Connecting Performance Data to Bug Reports
Performance data becomes truly powerful when it is connected to your bug tracking system. When a player reports "the game is laggy," you need to see their hardware specs, their frame time history, their memory usage trend, and the scene they were in. Without this context, "the game is laggy" is an impossible bug to fix. With it, you can see that the player has 4 GB of RAM, the game was using 3.8 GB at the time of the complaint, and memory had been climbing steadily for 20 minutes—a clear memory leak in the current scene.
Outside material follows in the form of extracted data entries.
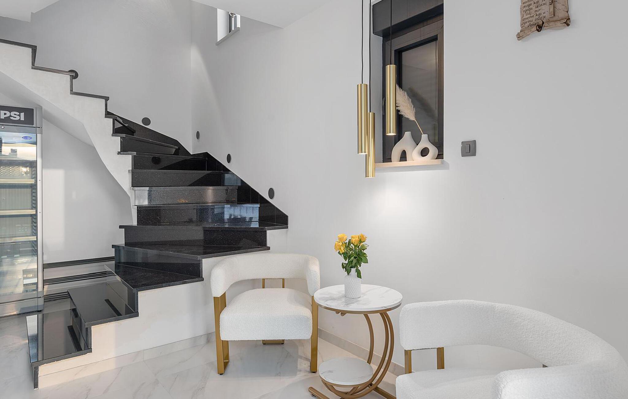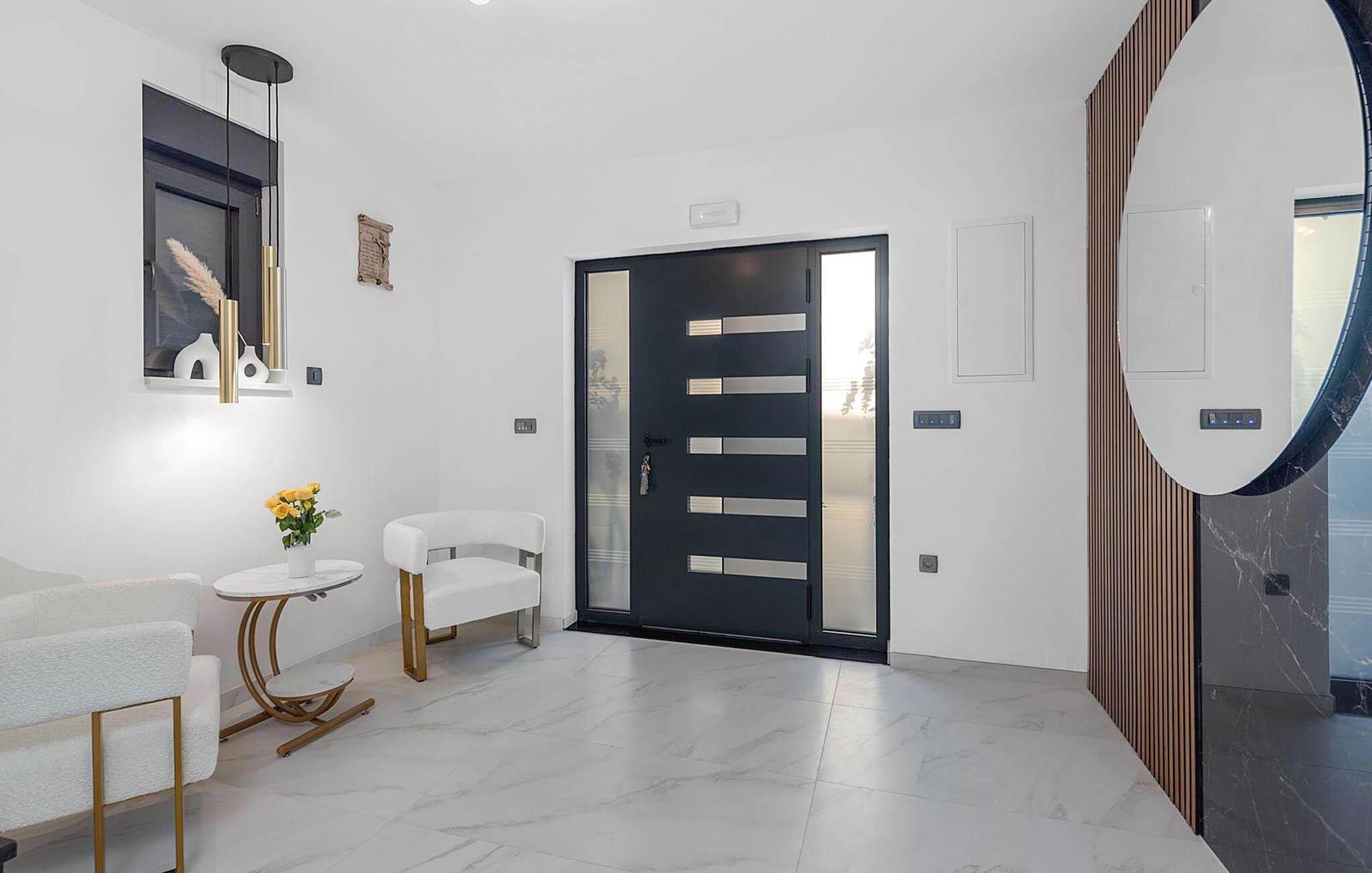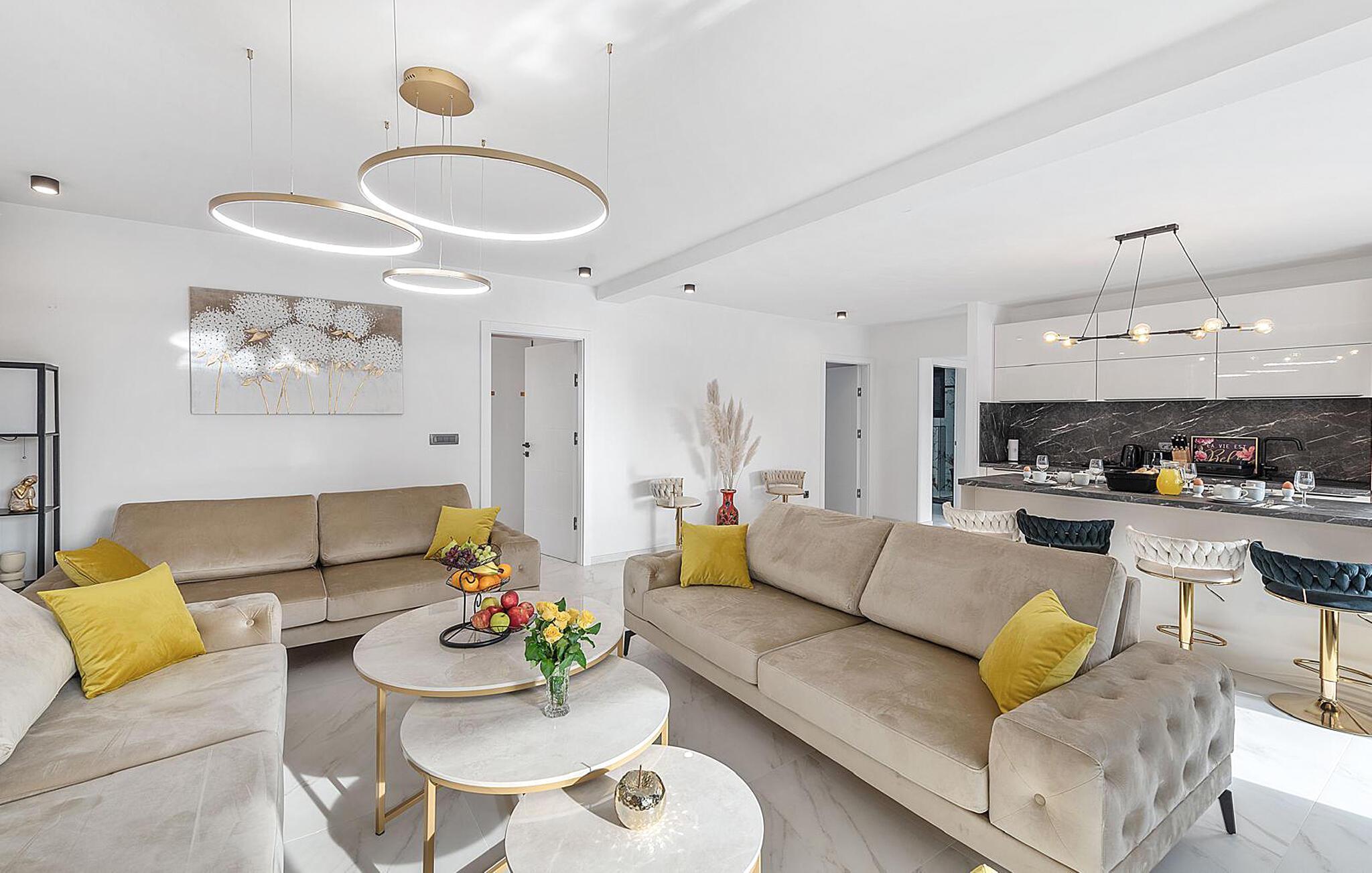 Dieses elegante Ferienhaus begrüßt Sie mit einem hellen, geschmackvoll eingerichteten Innenbereich. Die moderne Hochglanzküche mit Kochinsel macht gemeinsames Schlemmen zum Genuss. Der angrenzende Wohnbereich, ausgestattet mit bequemen Sofas in sanften Farbtönen und goldenen Akzenten, erhält dank großer Panoramafenster reichlich natürliches Licht. Breite Glasschiebetüren bieten hier einen bequemen Zugang zum Außenbereich.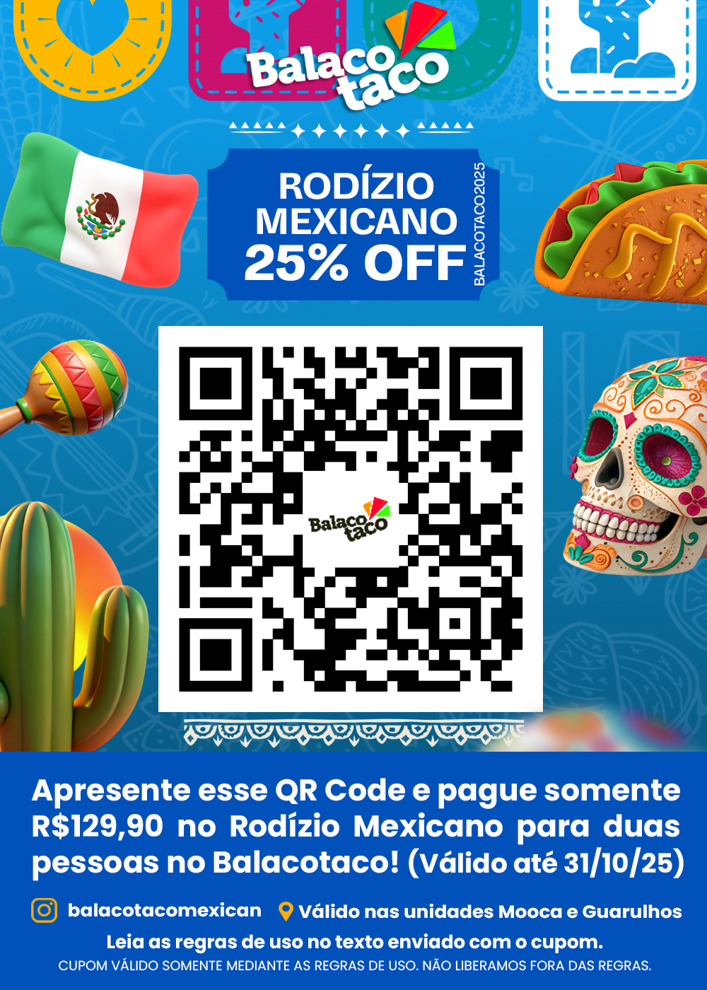 Parabéns, você acaba de resgatar o cupom de RODÍZIO MEXICANO PARA DUAS PESSOAS POR R$129,90 do Balacotaco! Leia as regras de uso abaixo do cupom e bom apetite!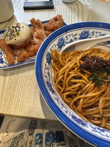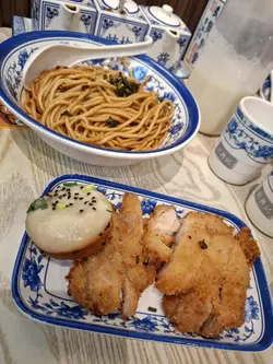 呢间餐厅之前一直都想试,成日经过都见门口排满晒人,今日终于畀我试到喇🥰,佢唔单止价钱亲民,而且豆浆🥛仲系任饮,非常超值❗✨皇牌2号-招牌炸猪扒汤面+生煎包1只炸猪扒🐷都几大块,而且炸得金黄香脆,食落肉质鲜嫩,又唔会太油腻,面质弹牙🍜✨皇牌4号-招牌炸鸡扒拌面+生煎包1只炸鸡扒🐓嘅炸粉唔会好厚,食落卜卜脆,个拌面又唔会太咸,味道唔错💕✨招牌担担面有虾米仔、花生粒同葱花点缀,汤底浓稠惹味带微辣🔥,面质弹牙好食😋✨招牌生煎包果然系招牌菜❗生煎包外皮煎得金黄香脆,咬落去完全系爆汁💕里面劲多汤汁,肉馅鲜嫩,⚠️食嘅时候要小心烫口。另外,舖头亦写明生煎包如果唔爆汁包换🤩,真心赞。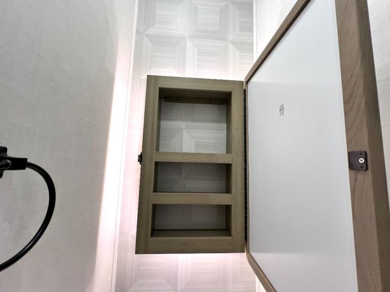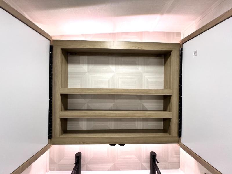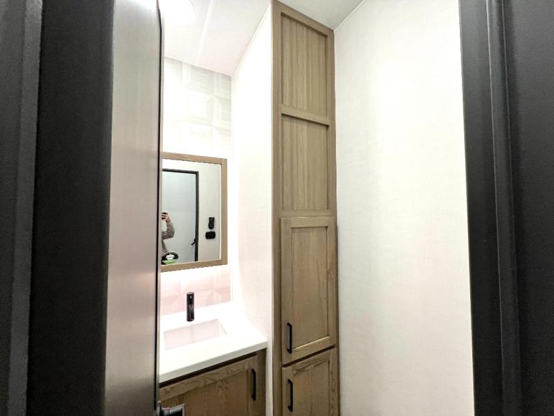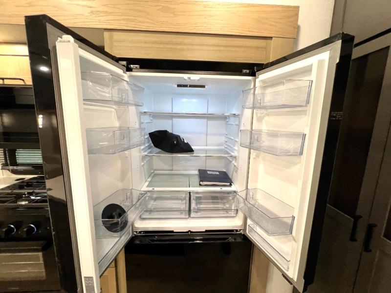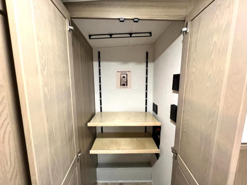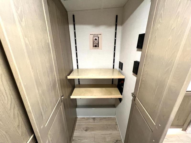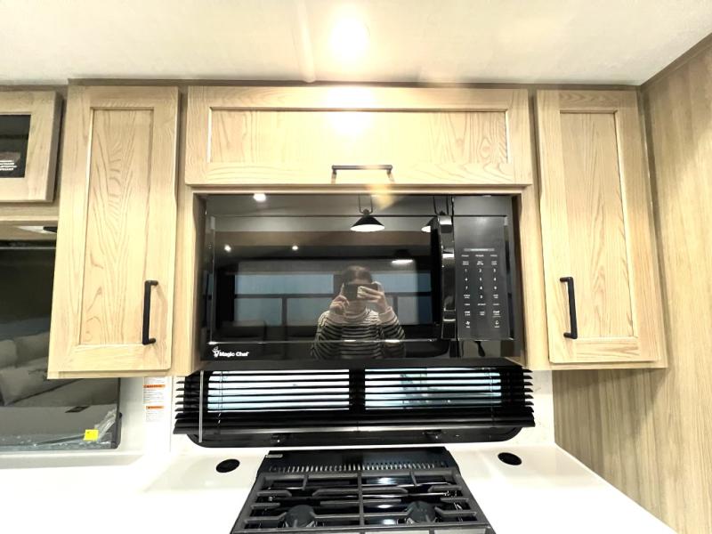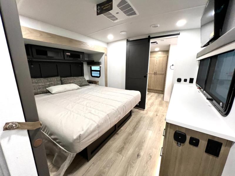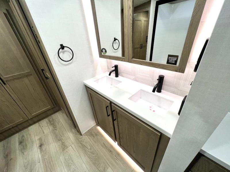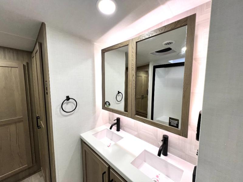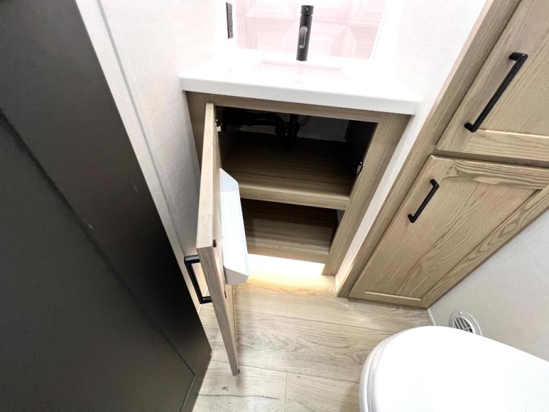 This well-designed layout offers both comfort and functionality. The 72" x 80" king bed provides a spacious and restful sleeping area in the main bedroom. Just steps away, the full front bathroom includes a shower seat for added accessibility, while a convenient half bath near the entrance is perfect for quick use. The kitchen features solid surface countertops and a large island, giving the cook plenty of room to move and work comfortably, along with a rotating table and chairs for dinner and board games. A pull-out desk creates a dedicated space for working away from home, and the 76" hide-a-bed adds extra sleeping space for the whole gang.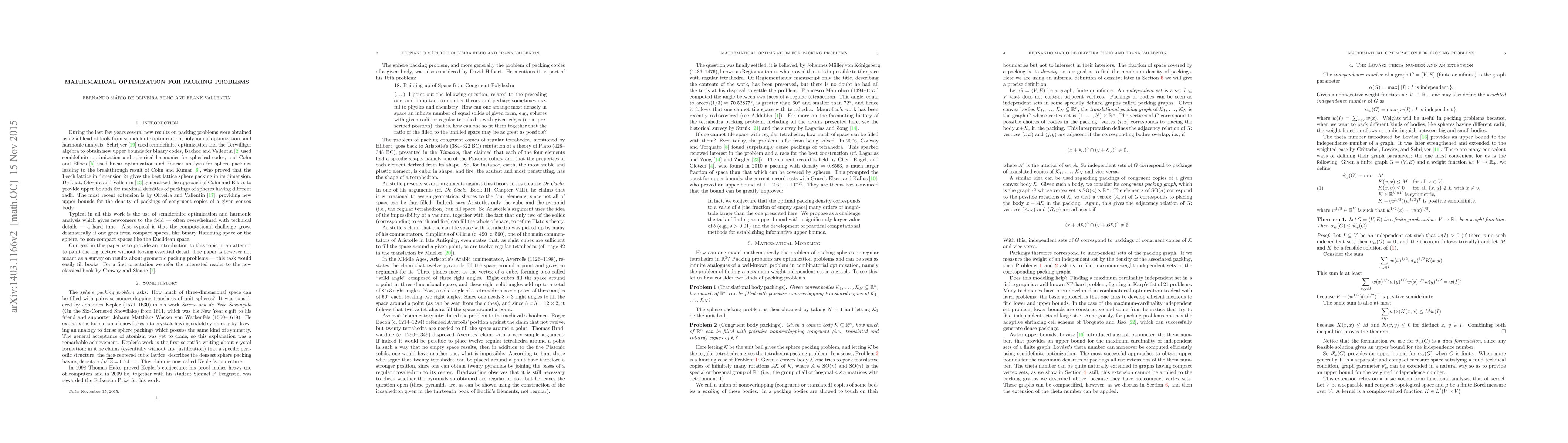 During the last few years several new results on packing problems were obtained using a blend of tools from semidefinite optimization, polynomial optimization, and harmonic analysis. We survey some of these results and the techniques involved, concentrating on geometric packing problems such as the sphere-packing problem or the problem of packing regular tetrahedra in R^3.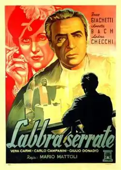 Sealed Lips (Italian: Labbra serrate) is a 1942 Italian mystery thriller film directed by Mario Mattoli and starring Fosco Giachetti, Annette Bach, Andrea Checchi and Vera Carmi.[1][2] It was shot at Cinecittà Studios in Rome. The film's sets were designed by the art directors Piero Filippone and Mario Rappini.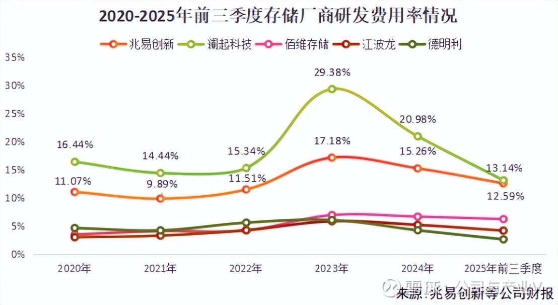 2020-2025年前三季度,兆易创新研发费用率也几乎在10%以上,与佰维存储、江波龙、德明利常年维持在7%以下的研发费用率形成鲜明对比。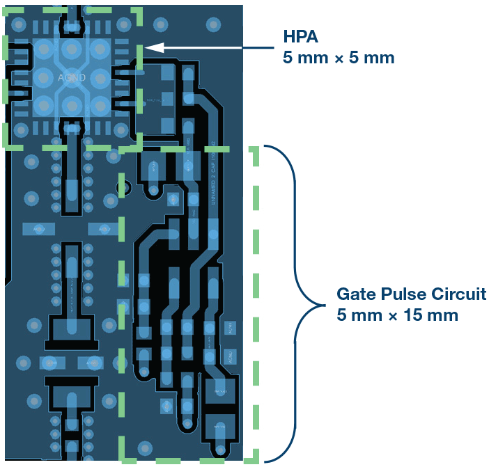 对一个代表性布局做了尺寸研究,如图6所示。栅极脉冲电路的运算放大器部分放置在通向HPA输入的RF路径附近。精密DAC未显示出来,假定其放置在控制部分中,为多个发射通道提供输入。布局研究表明,可将该电路添加到实际的低成本PWB实现方案中,发射RF电路所需的额外空间极小。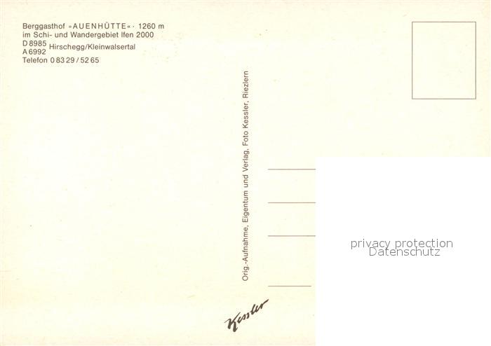 13218179 Hirschegg Kleinwalsertal Vorarlberg Auenhuette Berggasthof postalisch nicht gelaufen Erhaltung siehe scans [LiesaD40] KatCode: 11390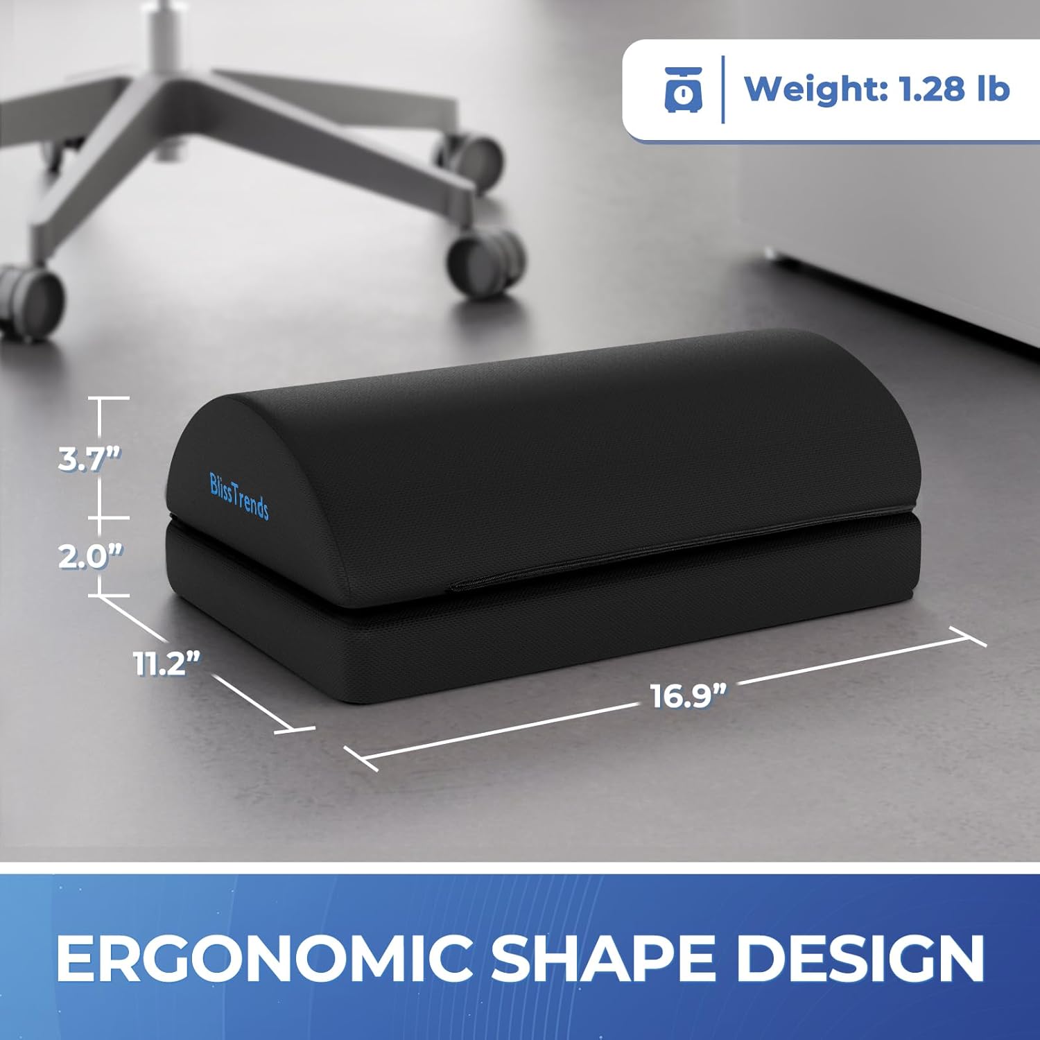 - [Comfortable Experience]The BlissTrends foot rest has two layers: the lower layer measures 16.9"*11.2"*2.0", and the upper layer is 3.7" thick. The foot stool is ergonomically designed with sufficient height and curvature to better relieve the pressure on your limbs and discomfort when sitting for long periods of time

Configure your crash reporting SDK to attach performance snapshots to every bug report. In Bugnet, this means adding context that persists alongside the standard device info:
# Attach performance snapshot to every report
func _on_report_sending() -> void:
var perf := {
"fps_current": Engine.get_frames_per_second(),
"frame_time_p99": _get_p99_frame_time(),
"memory_mb": Performance.get_monitor(
Performance.MEMORY_STATIC) / 1048576.0,
"video_memory_mb": Performance.get_monitor(
Performance.RENDER_VIDEO_MEM_USED) / 1048576.0,
"object_count": Performance.get_monitor(
Performance.OBJECT_COUNT),
"draw_calls": Performance.get_monitor(
Performance.RENDER_TOTAL_DRAW_CALLS_IN_FRAME),
}
Bugnet.set_context("performance", JSON.stringify(perf))Now every bug report in your dashboard includes a performance snapshot. You can filter reports by frame time to find all players experiencing stuttering, group them by GPU to identify driver-specific issues, and correlate memory usage with crash frequency to diagnose leaks. This transforms performance debugging from guesswork into data-driven engineering.
Related Issues
For setting up the crash reporting SDK that captures performance context alongside bug reports, see our guide on adding crash reporting to Unity and Godot in under 10 minutes. If your performance investigation reveals crashes rather than slowdowns, our beginner’s guide to reading game stack traces will help you diagnose them. For automating performance regression testing as part of your build pipeline, see automated QA testing for indie game studios.
Your dev machine is not your player's machine. Instrument first, optimize second, and let the telemetry tell you where it hurts.